Литмир - Электронная Библиотека

Ну, а потом – что? Мешки в телегу, и кто там под руку подвернется, куры? Отлично. Телка? И ее туша туда же, ну и все такое, главное – побыстрей, и прочь, прочь из этого нехорошего места.

И не надо, не надо думать плохо про этих людей. У них задача – не свою шкуру спасти. У них – человечество! А это такая цель, которая оправдывает любые средства.

Да, а что если ветер в другую сторону? Ну, тогда поджигалась не крайняя изба, а где-нибудь посреди ряда. В остальном – все то же.

***

А наутро утомленные ночной суетой селяне собирались где-нибудь в центре, возле храма, и начинали всерьез толковать промеж собой, кто же это такой нехороший.
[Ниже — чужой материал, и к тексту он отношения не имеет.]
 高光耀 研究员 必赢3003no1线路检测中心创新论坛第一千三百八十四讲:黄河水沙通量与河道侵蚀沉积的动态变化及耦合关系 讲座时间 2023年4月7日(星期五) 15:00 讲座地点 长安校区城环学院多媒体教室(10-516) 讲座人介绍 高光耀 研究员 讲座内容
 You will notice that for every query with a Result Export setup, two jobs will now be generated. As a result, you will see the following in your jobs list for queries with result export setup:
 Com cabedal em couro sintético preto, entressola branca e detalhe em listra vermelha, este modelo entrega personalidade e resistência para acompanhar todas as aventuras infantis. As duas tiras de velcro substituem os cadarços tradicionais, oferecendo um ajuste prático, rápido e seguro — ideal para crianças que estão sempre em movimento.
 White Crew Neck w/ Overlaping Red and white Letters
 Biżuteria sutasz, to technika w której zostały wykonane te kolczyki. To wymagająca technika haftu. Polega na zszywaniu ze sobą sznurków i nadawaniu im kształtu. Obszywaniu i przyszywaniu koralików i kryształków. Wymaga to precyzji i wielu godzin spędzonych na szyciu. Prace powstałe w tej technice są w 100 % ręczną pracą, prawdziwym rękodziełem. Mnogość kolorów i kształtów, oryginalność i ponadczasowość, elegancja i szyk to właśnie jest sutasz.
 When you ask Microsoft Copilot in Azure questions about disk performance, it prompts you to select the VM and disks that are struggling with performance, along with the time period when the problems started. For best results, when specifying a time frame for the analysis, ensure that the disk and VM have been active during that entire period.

Кому Единый воздаст после его кончины, и как бы помочь Единому в этом деле, кончину эту ускорив. И, как правило, подозрения падали на соседей. У любого села есть неподалеку другое, где живут ну просто очень плохие люди, всячески вредящие, и куда лучше не заходить. Не убьют, так побьют за милую душу. И кто, если не они?..
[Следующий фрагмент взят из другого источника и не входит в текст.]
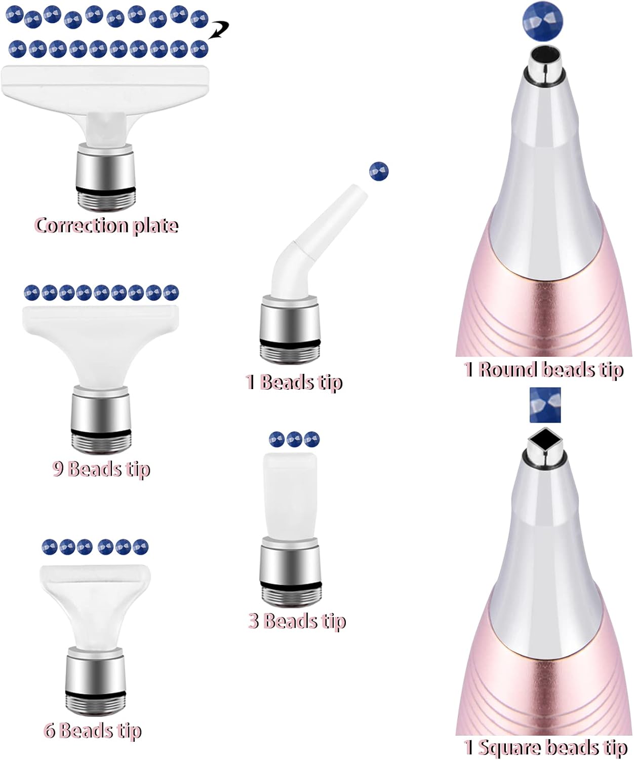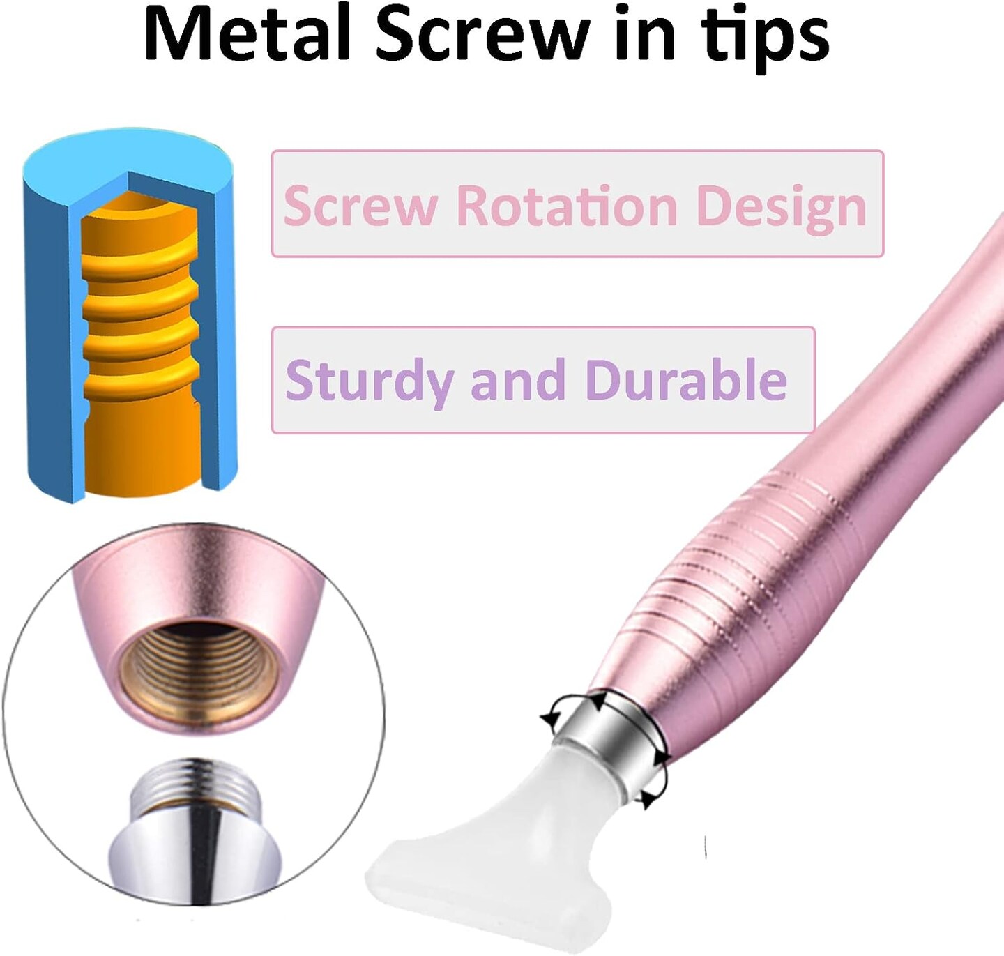 Diamond Art Painting Pen Accessories Tools, Metal Square and Round Tips Ergonomic Diamond Drill Pen Screw In Tip Multi Replacement Pen Heads for DP Cross Stitch - Rose Gold
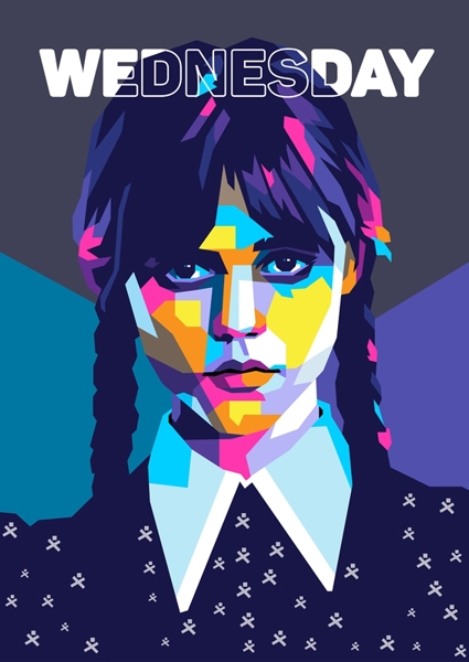 "Wednesday Addams" poster by V Styler. Dive into the vibrant world of Wednesday Addams with this striking artwork. Featuring a bold, colorful WPAP style, the piece captures her iconic look—pale skin, dark pigtails, and that signature deadpan stare. The geometric shapes and vivid hues create a retro vibe that screams cool. Perfect for fans of the macabre and those who appreciate a playful twist on nostalgia. This is not just art; it’s a statement piece for any space.
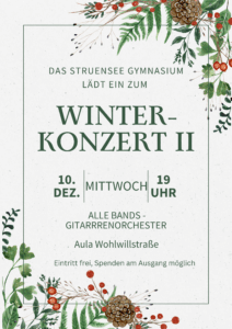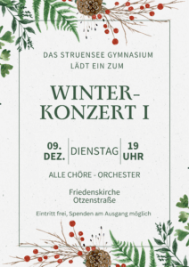 In den letzten Wochen wurde kräftig gesungen, geübt, gespielt und geprobt. Nun können die Ergebnisse dieser Anstrengungen bei den beiden Winterkonzerten bewundert werden. Die Ensembles des Struensee Gymnasiums freuen sich auf zahlreiche Konzertbesucher. Also die beiden Termin vormerken und vorbeikommen!
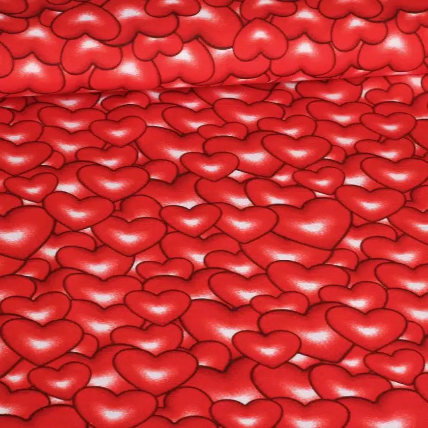 Vrolijke terlenka stof met een opvallende hartjes print. Soepelvallend, sterk en kreukarm. Ideaal voor kleding, accessoires en decoratieve naaiprojecten.
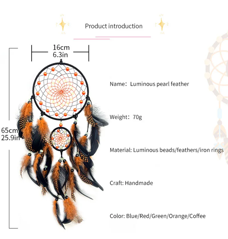 Be the first to review “Dream Catcher With Luminous Beads Hand-woven Colorful Feathers Wind Chimes Living Room Bedroom Hanging Ornaments Wall Decoration” Cancel reply
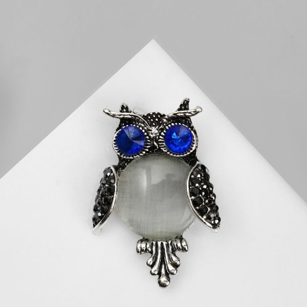Брошь "Сова" блестящая, цвет синий, цвет серебрист..

И на следующую ночь горело уже то село, горело хорошо – аж душа радовалась, глядючи. Горело, подожженное со всех концов, не взирая на ветер, и там уж мало кому удавалось остаться в живых. Ну, а кто оставался – тот разносил по окрестностям весть о негодяях-поджигателях. И теперь жителям первого села лучше всего было убраться подобру-поздорову. И, чем быстрее, тем лучше. И вливалась еще малая толика в поток, текущий по тракту. И шли мужики и бабы, стиснув челюсти и ругая весь белый свет за несправедливое его устройство. А куда деваться?

***

Не ожидал Пафнутий такого эффекта. Кто же знал, что это нелепое сооружение рванет с такой силой? Протуберанцы яростного огня не только уничтожили корабль, они достали и до дракона. Вспышка принесла боль, боль и тьму – не ту, ночную и уже разбавленную рождающимся светом, а настоящую. Глаза ослепли.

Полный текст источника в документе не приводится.